# Best Cajun Boiled Peanuts



## choppedliver (Apr 4, 2009)

I started with a pretty good recipe, but wasn't flavorful or spicy enough, so I added some things, damn these are good. They will definitely "clear your sinuses"



Cajun Boiled Peanuts



5 Pounds Raw Green Peanuts

8 Jalapeno Peppers

3 Lemons

2 Medium Onions

2 Bell Peppers, any color

3 Tbsp Chili Powder

3 Tbsp Cayenne Pepper

1/3 Cup Zatarains Crab Boil

1/3 Cup Garlic Powder

1/3 Cup Rock Salt



You will need a large pot for this recipe. Use fresh produce, ie, whole raw jalapenos, seeds and all, whole lemons instead of juice, no powdered onions, etc.



Wash and coarsely slice all produce. Add all ingredients to pot. Cover with several inches of water. Boil for three hours, checking periodically to ensure peanuts are still covered with water. Do not let water level drop below top of peanuts. If needed, add water.

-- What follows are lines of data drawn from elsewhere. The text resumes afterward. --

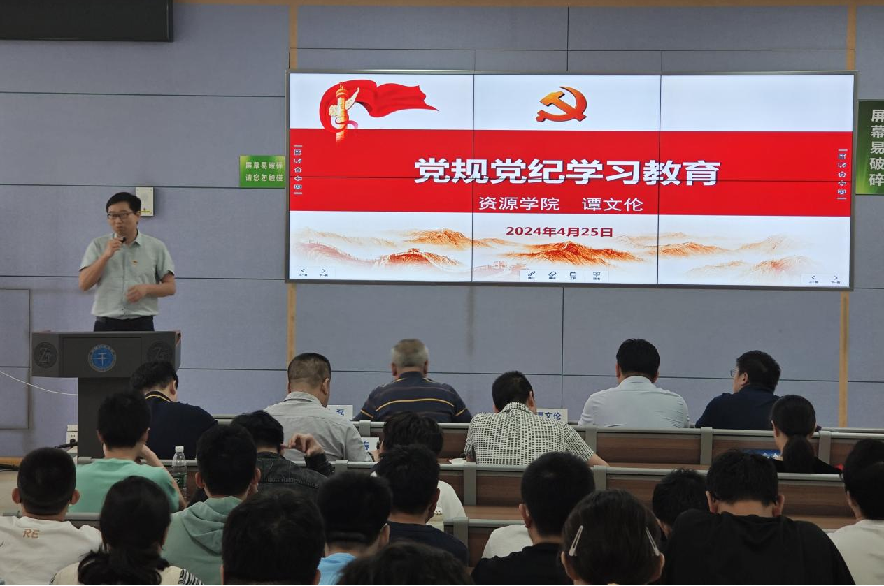 会上,谭文伦讲授党规党纪学习教育主题党课。他讲到,党支部要以“三会一课”、主题党日等形式,积极开展讲党课、学党纪教育活动。他指出,党员同志应认真学习《中国共产党纪律处分条例》,坚持原原本本学、逐章逐条学,紧密联系个人成长进步、学习工作实际学,不断增强纪律意识、规矩意识,把纪律规矩刻印在心,内化为日用而不觉的言行准则,增强政治定力、纪律定力、道德定力、抵腐定力,始终做到忠诚干净担当。
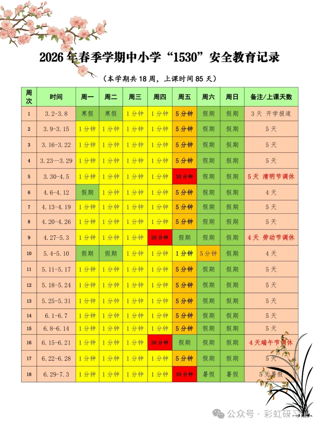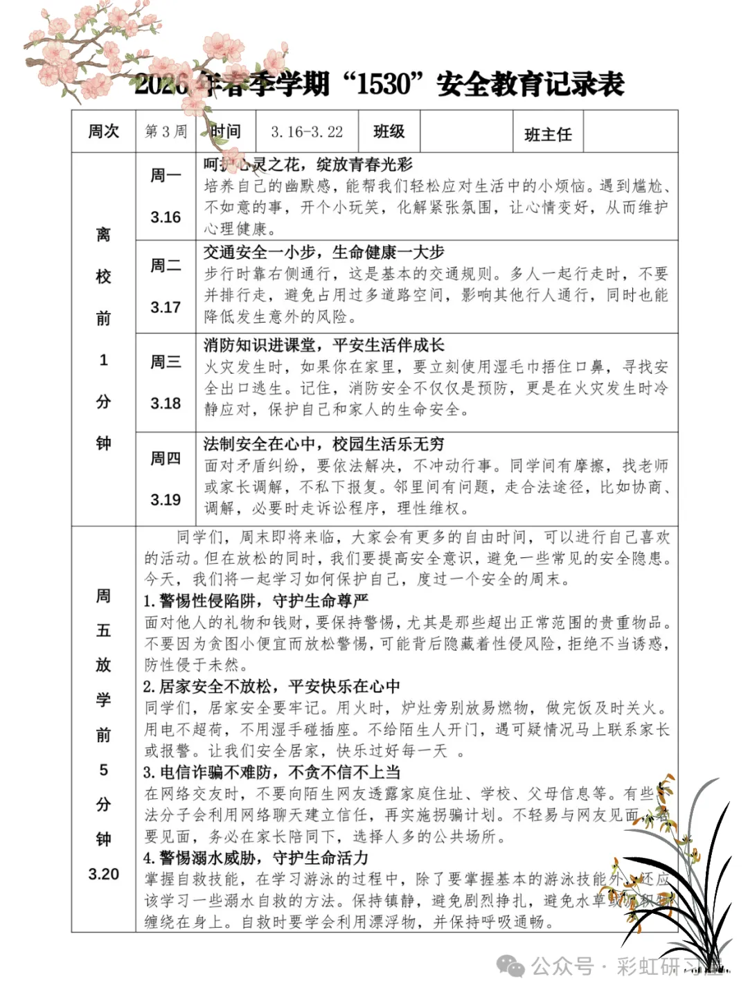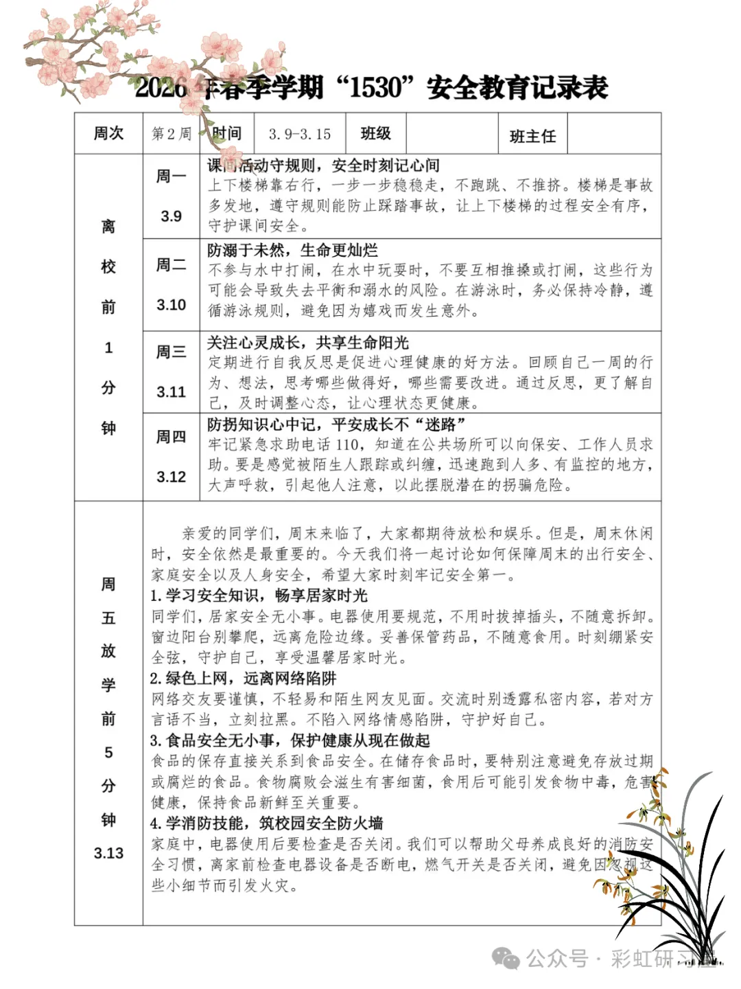 直接下载使用,26 年春季1530 安全教育记录表”写完了!
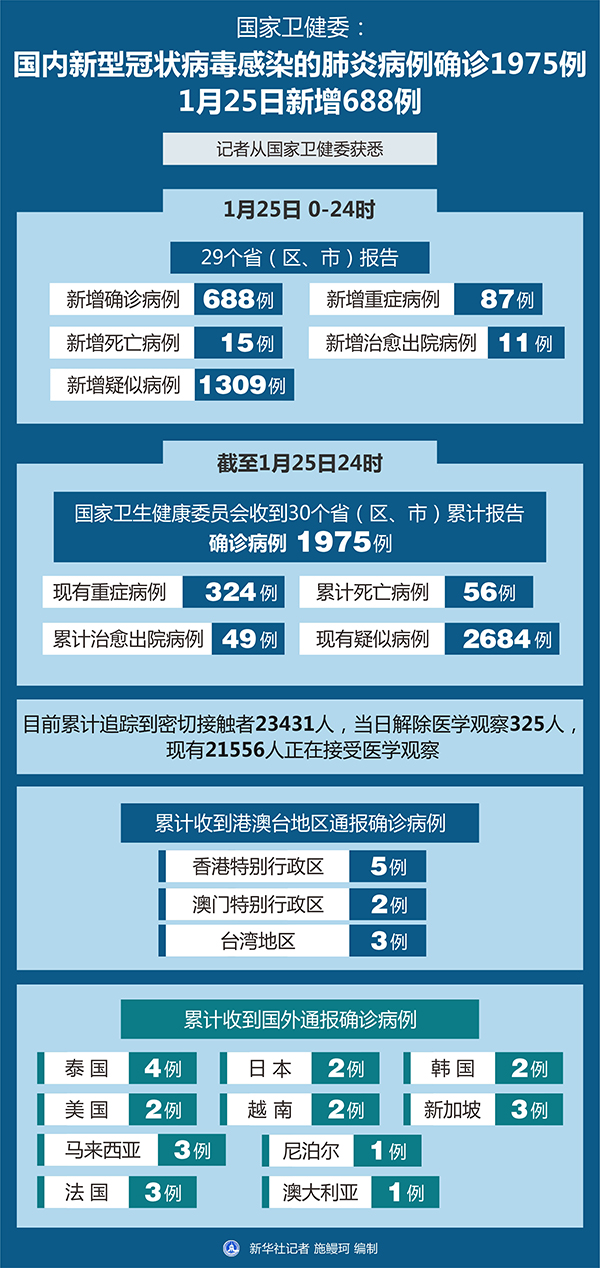 截至1月25日24時,國家衛(wèi)生健康委員會收到30個?。▍^(qū)、市)累計報告確診病例1975例,現(xiàn)有重癥病例324例。累計死亡病例56例,累計治愈出院病例49例?,F(xiàn)有疑似病例2684例。
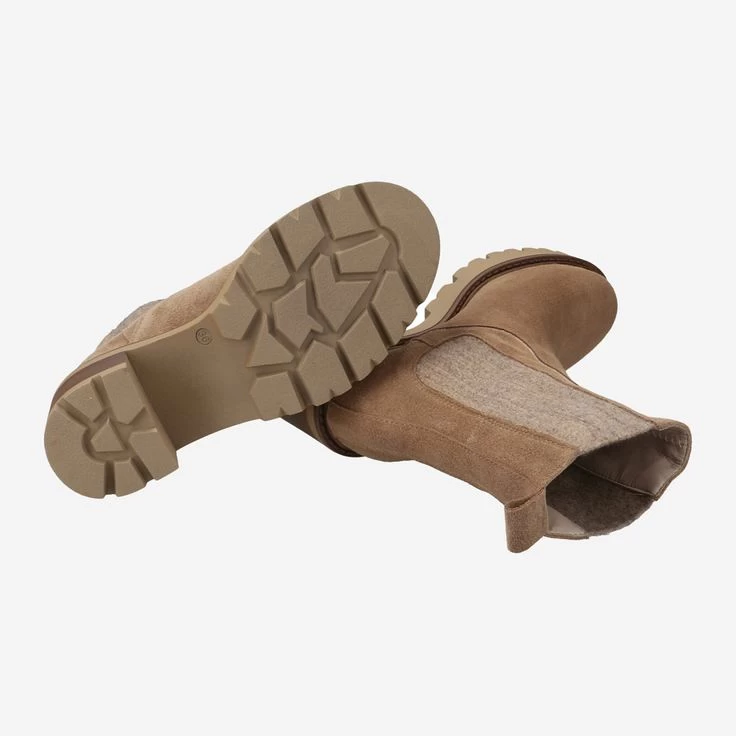| Merkmale | Blockabsatz, Plateausohle, Stretcheinsätze, Einstiegschlaufe, braun melierte Stretcheinsätze in kuscheliger Strick-Haptik, atmungsaktiv |
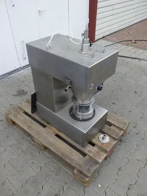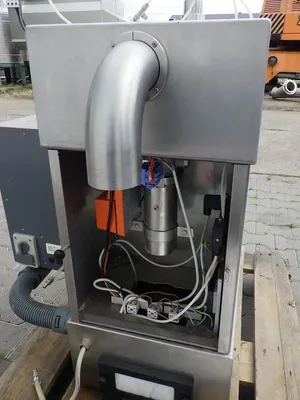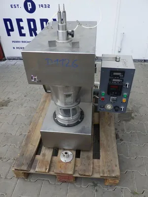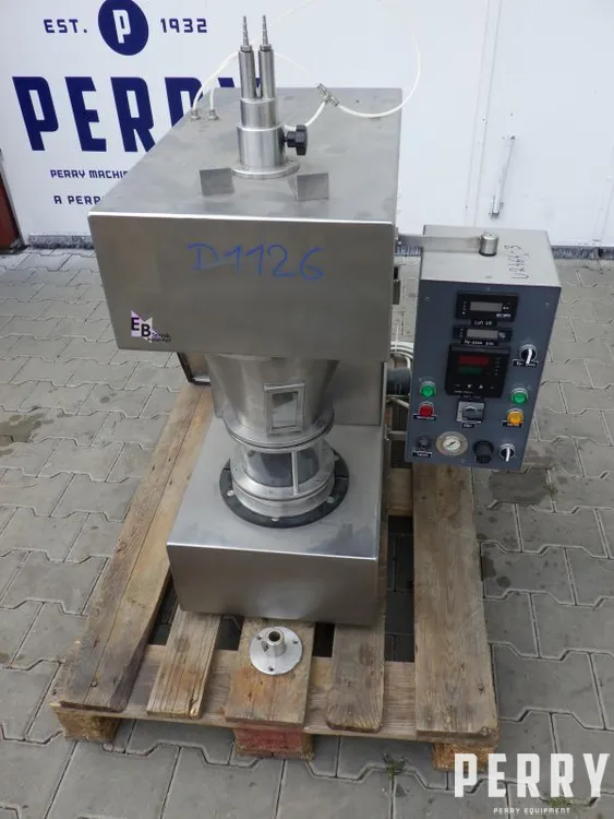 Used lab size batch type fluid bed dryer by EB Teknik Borup A/S (DK). Drying chamber has internal diameter 145 mm x length of side wall 115 mm. Total volume 1.9 l. Contact parts designed in stainless steel and glass. Has provision for two top spraying nozzles, but only one installed. Has local control panel.
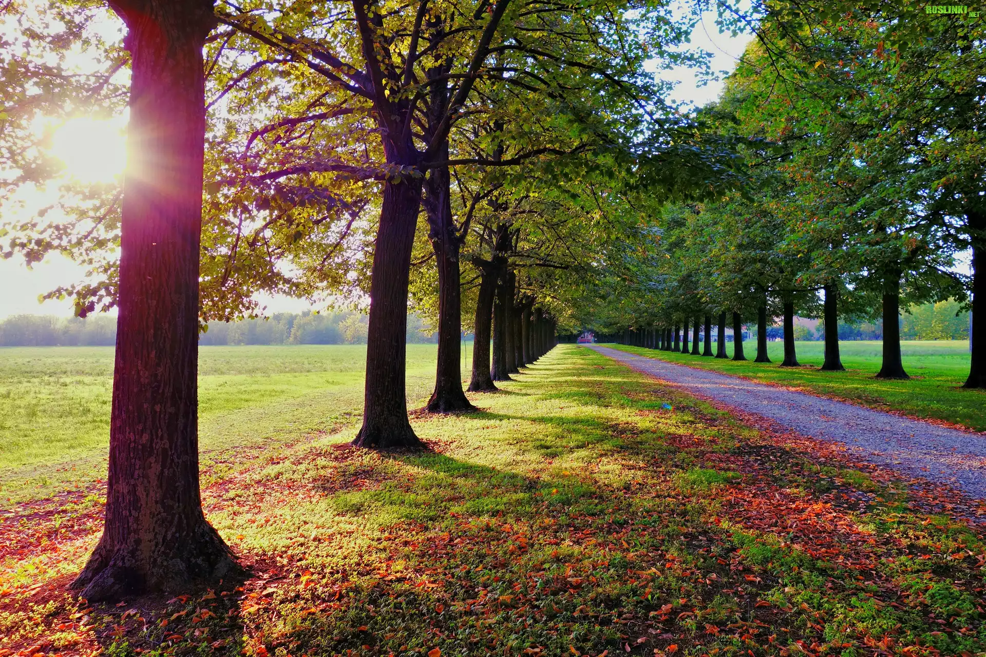 Rośliny: Aleja, Droga, Szpalery, Drzewa, Łąka, Promienie słońca
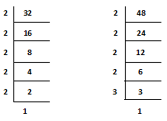From the above factorization 2 appears in 32 five times and in 48, 2 appears four times. And also 3 appears once in a factorization of 48
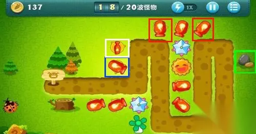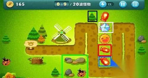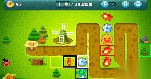 第六步,消灭第9波怪后,玩家需要把红色方框中的 汽油瓶子升为顶级。 第七步,第10波怪血量很大,玩家需要一边消灭敌人,一边把 蓝色方框中的风扇升为顶级。 第八步,第10波怪消灭后,金钱累积到了1045;在 白色方框中建造1个冰冻星星并且升为顶级,最后在黑色方框中建造1个 汽油瓶。 第九步,消灭第11波怪,把黑色方框中的汽油瓶升为顶级。 第十步,消灭第12波怪后,在黄色方框内再建造1个 汽油瓶,然后摧毁绿色方框中的障碍物。 第十一步,把黄色方框中的汽油瓶升为顶级,然后在摧毁 荷兰风车。
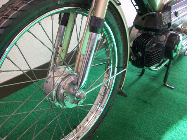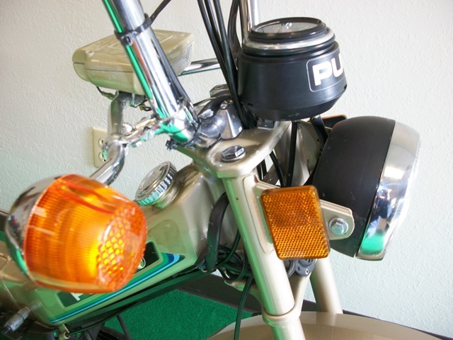 Everything about this unique vintage moped is sheer awesomeness. When you sit on it for the first time, your eyes examine the components and controls that are polished to a mirror-like finish. Everything is tight and fully functional. The windshield can be removed in a matter of seconds but you have already decided to leave it always attached. The original blinker system that was offered as an option in 1978 has been fully rebuilt as well and you move the directional switch back and forth testing out the blinkers as kind of a pre-ride safety inspection.

Let cool several hours at a minimum before eating. Peanuts will asborb flavor as they cool. For maximum flavor, wait 24 hours


----------



## User6882 (Feb 4, 2009)

sounds good, ill have to try it


----------



## GROUPAGROUPAGROUPA (Apr 6, 2008)

how long do they stay good for


----------



## collardncornbread (Sep 28, 2009)

About 30 minutes. HA! If you have a group of 4-6 people. I put up 100 pounds this year in gallon ziplocks. I'll try this one. I love them spicy. Try dropping a couple big scoops of ice in the water when they are done,if you want them to pick up the spice quicker.


----------



## choppedliver (Apr 4, 2009)

> *GROUPAGROUPAGROUPA (11/7/2009)*how long do they stay good for


Well there is enough salt in there to preserve them for quite a while, but honestly I dont know how long they "stay good" for because those 5 pounds get eaten in about two days around my house, and they are damn good the whole time. I just leave them on the stove and eat them right out of the pot and dont bother refrigerating them.


----------